Khashuri Municipality (ხაშურის მუნიციპალიტეტი) is a municipality of Georgia, in the region of Shida Kartli. Khashuri municipality is located at 690 meters above sea level. It is bordered on the east and north by Kareli Municipality, on the north by Sachkhere Municipality, on the south and west by Borjomi Municipality, and on the west by Kharagauli Municipality. Area of Khashuri municipality is 585.2 km^{2}. The total length of the boundaries of the municipality is 118 kilometers. Distance from the capital to Khashuri is 120 km, and from the regional center is 47 km. Khashuri Municipality also has a favorable strategic location, as it is located at the crossroads of Eastern, Western and Southern Georgia.

The municipality has a moderately humid subtropical climate. Knows moderately cold winters and warm summers. The main rivers are the Mtkvari and Suramula, which cross the municipality. Vegetation is varied from steppe to subalpine.

The industrial enterprises of the municipality are mainly concentrated in the city of Khashuri. The main fields of agriculture are: farming, viticulture, cattle breeding. The business sector in Khashuri Municipality is mainly represented by construction organizations, industrial organizations and large farming organizations. There are 32 state and 2 non-state general education schools in the municipality, there are libraries, a puppet theater and 3 museums.

==Population==
The representative body of Khashuri Municipality is the Sakrebulo of the municipality, and the executive body is the Board. There are one urban (Khashuri), one Sadabo (Surami) and 11 rural administrative units (Ali, Gomi, Osiauri, Flevi, Kvishkheti, Tsotskhnara, Tskhramukha, Tsaghvli, Tsromi, Khalebi, Khtsisi) in the municipality, which include 84 more villages. The population is up to 65 thousand, most of them live in cities and towns.
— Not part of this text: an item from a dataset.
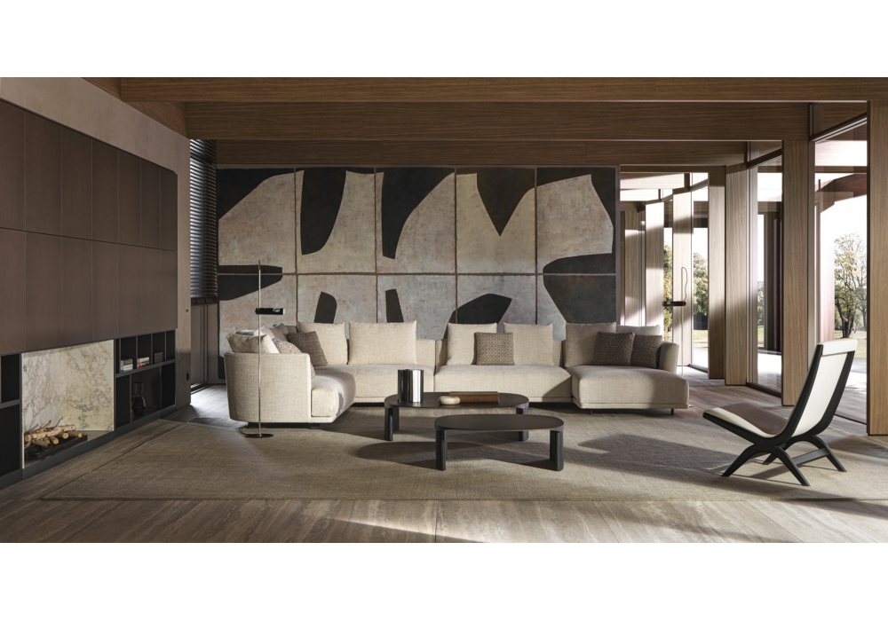 Cleo designed by Vincent Van Duysen for Molteni&C is a modular sofa born from the combination of various elements, straight, corner and island, which allow you to create a vast number of compositions suitable for any type of living. The heart of the project is the body, which is used for each individual component. The possible combinations of the various upholstery materials for the shell and seat cushions allow you to obtain a contrast or emphasize the harmony of the two elements. The back cushions are rectangular and can be freely positioned. Cleo is supported by feet in thin painted steel sheet.

The administrative center of the municipality is the city of Khashuri since 1921. The city-type settlement in Khashuri was founded in the 1960s, which was facilitated by the construction of a railway in Georgia. The main railway line Poti-Tbilisi passed through the territory of Khashuri. The main railway workshops were opened here, which were one of the largest enterprises in the Transcaucasia. From this period Khashuri is an important junction of the railway.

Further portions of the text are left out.